Third Normal Form (3NF)

Must be in 2NF, and no non-key column depends on another non-key column.

Violation:

| order_id | customer_id | customer_name | customer_email |

customer_name and customer_email depend on customer_id, not on order_id.
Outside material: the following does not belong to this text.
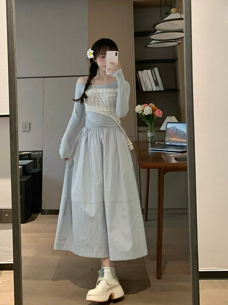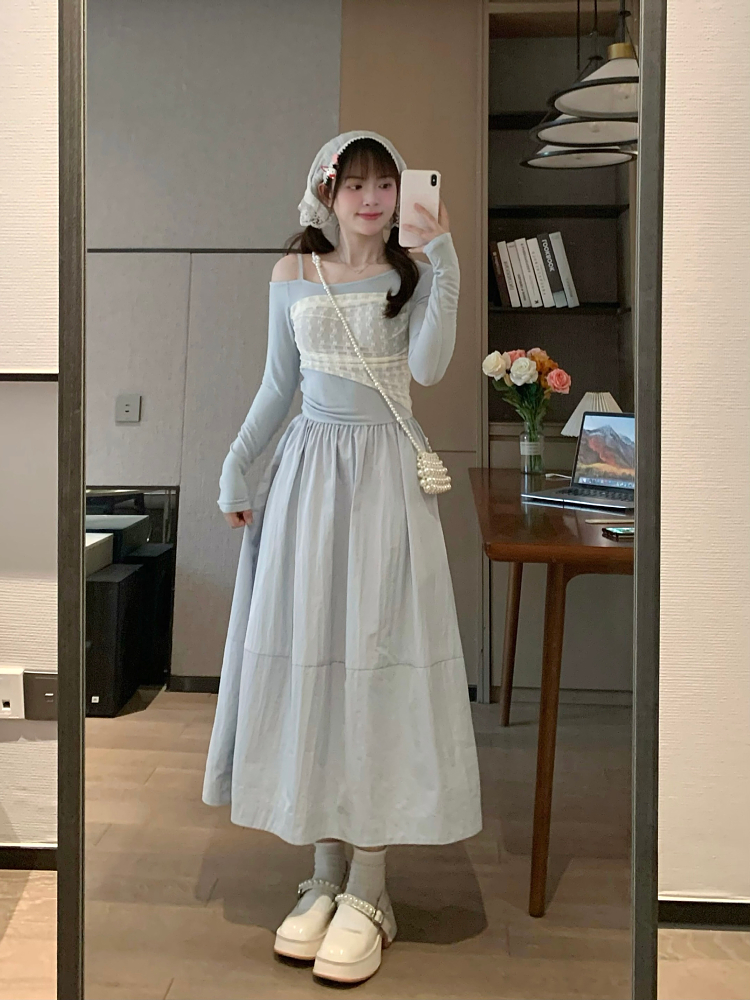 Blue Shoulder Dress, WaiCinched Slim Fit Spring/Summer High-quality product featuring spring outfit, spring outfits, fall fits and more. Modern design that fits the latest trends. Premium materials ensure durability and comfort. Order now for special offers! Product designed with attention to every detail. Suitable for all occasions and personal styles.
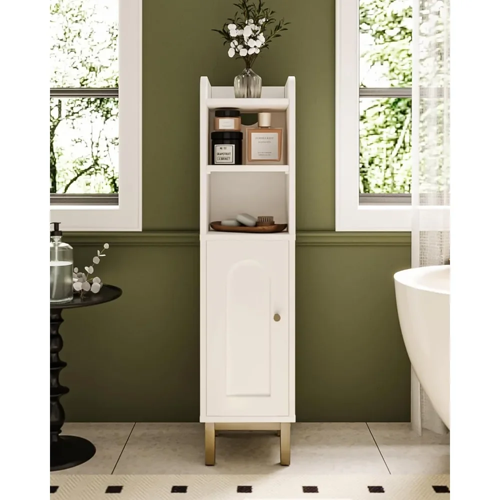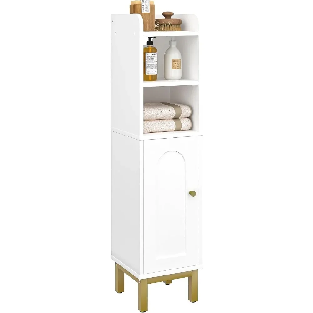 Suitable for Narrow Spaces: This sleek and space-saving bathroom cabinet, measuring 7.9″D x 7.9″W x 32.6″H, fits perfectly in narrow spaces, arched door design and four golden legs adding an aesthetic touch to your bathroom.

Move them to a customers table.

When to Denormalize

Sometimes breaking normalization rules improves performance:

  • Read-heavy applications — duplicate data to avoid expensive JOINs
  • Reporting dashboards — pre-compute aggregates into summary tables
  • Caching layers — store computed values to reduce query load

Always start normalized and denormalize only when you have a measured performance problem.

Practical Exercise

Design an e-commerce database:

CREATE TABLE customers (
  id INTEGER PRIMARY KEY AUTOINCREMENT,
  name TEXT NOT NULL,
  email TEXT UNIQUE NOT NULL,
  created_at DATETIME DEFAULT CURRENT_TIMESTAMP
);

CREATE TABLE categories (
  id INTEGER PRIMARY KEY AUTOINCREMENT,
  name TEXT UNIQUE NOT NULL,
  parent_id INTEGER,
  FOREIGN KEY (parent_id) REFERENCES categories(id)
);

CREATE TABLE products (
  id INTEGER PRIMARY KEY AUTOINCREMENT,
  name TEXT NOT NULL,
  description TEXT,
  price REAL NOT NULL CHECK (price > 0),
  stock INTEGER NOT NULL DEFAULT 0,
  category_id INTEGER,
  FOREIGN KEY (category_id) REFERENCES categories(id)
);

CREATE TABLE orders (
  id INTEGER PRIMARY KEY AUTOINCREMENT,
  customer_id INTEGER NOT NULL,
  status TEXT NOT NULL DEFAULT 'pending'
    CHECK (status IN ('pending', 'processing', 'shipped', 'delivered', 'cancelled')),
  total REAL NOT NULL,
  ordered_at DATETIME DEFAULT CURRENT_TIMESTAMP,
  FOREIGN KEY (customer_id) REFERENCES customers(id)
);

CREATE TABLE order_items (
  id INTEGER PRIMARY KEY AUTOINCREMENT,
  order_id INTEGER NOT NULL,
  product_id INTEGER NOT NULL,
  quantity INTEGER NOT NULL CHECK (quantity > 0),
  unit_price REAL NOT NULL,
  FOREIGN KEY (order_id) REFERENCES orders(id) ON DELETE CASCADE,
  FOREIGN KEY (product_id) REFERENCES products(id)
);

-- Useful indexes
CREATE INDEX idx_orders_customer ON orders(customer_id);
CREATE INDEX idx_order_items_order ON order_items(order_id);
CREATE INDEX idx_products_category ON products(category_id);

Query the schema:

-- Customer order history with totals
SELECT
  c.name AS customer,
  COUNT(DISTINCT o.id) AS order_count,
  SUM(o.total) AS lifetime_value
FROM customers c
JOIN orders o ON c.id = o.customer_id
WHERE o.status != 'cancelled'
GROUP BY c.id
ORDER BY lifetime_value DESC;

Key Takeaways

  • Identify entities, attributes, and relationships before writing any SQL.
  • Use junction tables for many-to-many relationships — they can hold additional metadata.
  • JOINs combine related tables; INNER JOIN returns only matches, LEFT JOIN returns all from the left side.
  • Cascade actions define behavior when parent rows are deleted or updated.
  • Start with a normalized schema and denormalize only when performance requires it.